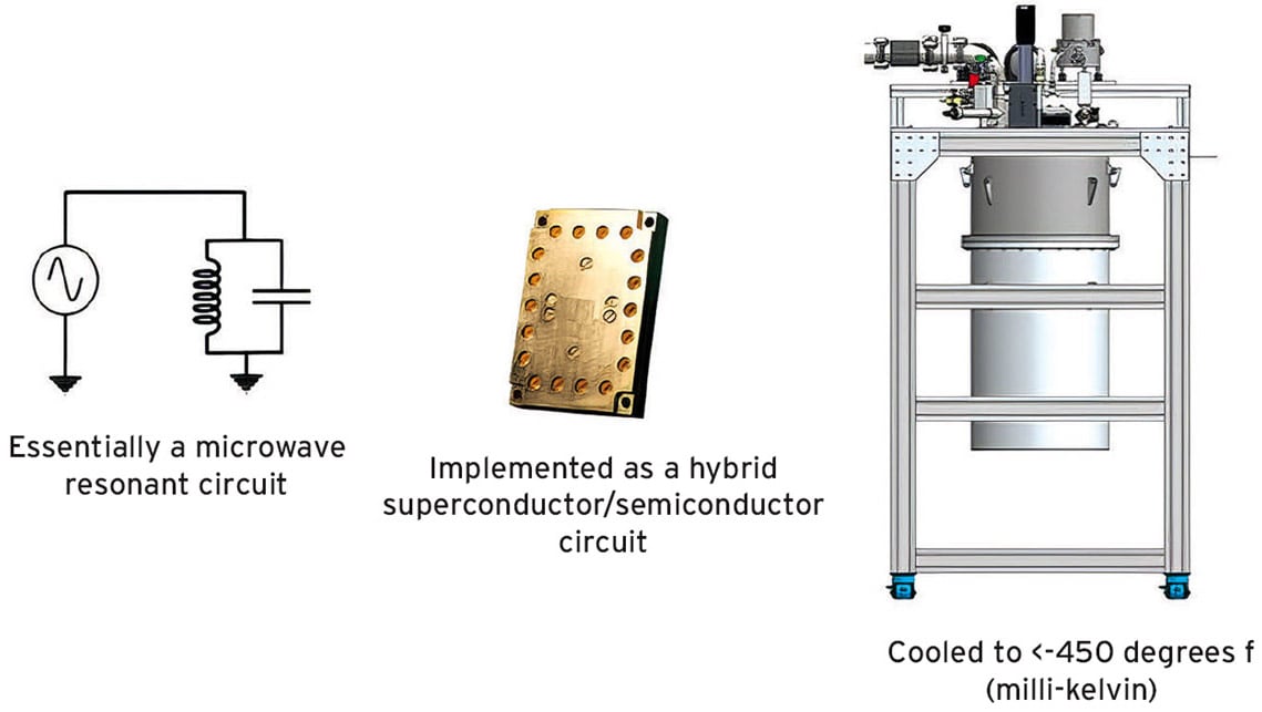 The inductive component in an actual qubit is replaced with a Josephson junction. While still fundamentally an LC structure, this modifies the inductive properties of the circuit so only two resonant or energy states can occur — since the system must be constrained to two levels, 1 and 0. The circuit is packaged in a protective shield with the RF connectors exposed, then is cooled to about minus 450 degrees Fahrenheit to ensure the system exhibits quantum behavior.
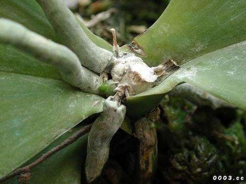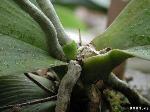 蝴蝶兰是单茎类植物,自直立之茎向上生生不息,在它的叶腋茎部却有潜芽 1-3 个,正常状态下多不能生芽成株。
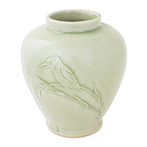 NOVICA Animal Themed Ceramic Vase, Green, 'Hummingbird Idyll'
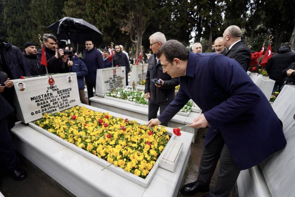 İmamoğlu, 18 Mart Çanakkale Şehitleri Anma Günü kapsamında Edirnekapı Şehitliği’nde düzenlenen resmi törene katıldı. Programın ardından şehit yakınlarıyla bir araya gelen İmamoğlu, şehit mezarlarına karanfil bırakarak dualar etti.
....
[YOUR TASK]:
Print the data above in full and exactly as it appears, skipping the pictures.

[PROBLEM SOLUTION]:
 The inductive component in an actual qubit is replaced with a Josephson junction. While still fundamentally an LC structure, this modifies the inductive properties of the circuit so only two resonant or energy states can occur — since the system must be constrained to two levels, 1 and 0. The circuit is packaged in a protective shield with the RF connectors exposed, then is cooled to about minus 450 degrees Fahrenheit to ensure the system exhibits quantum behavior.
 蝴蝶兰是单茎类植物,自直立之茎向上生生不息,在它的叶腋茎部却有潜芽 1-3 个,正常状态下多不能生芽成株。
 NOVICA Animal Themed Ceramic Vase, Green, 'Hummingbird Idyll'
 İmamoğlu, 18 Mart Çanakkale Şehitleri Anma Günü kapsamında Edirnekapı Şehitliği’nde düzenlenen resmi törene katıldı. Programın ardından şehit yakınlarıyla bir araya gelen İmamoğlu, şehit mezarlarına karanfil bırakarak dualar etti.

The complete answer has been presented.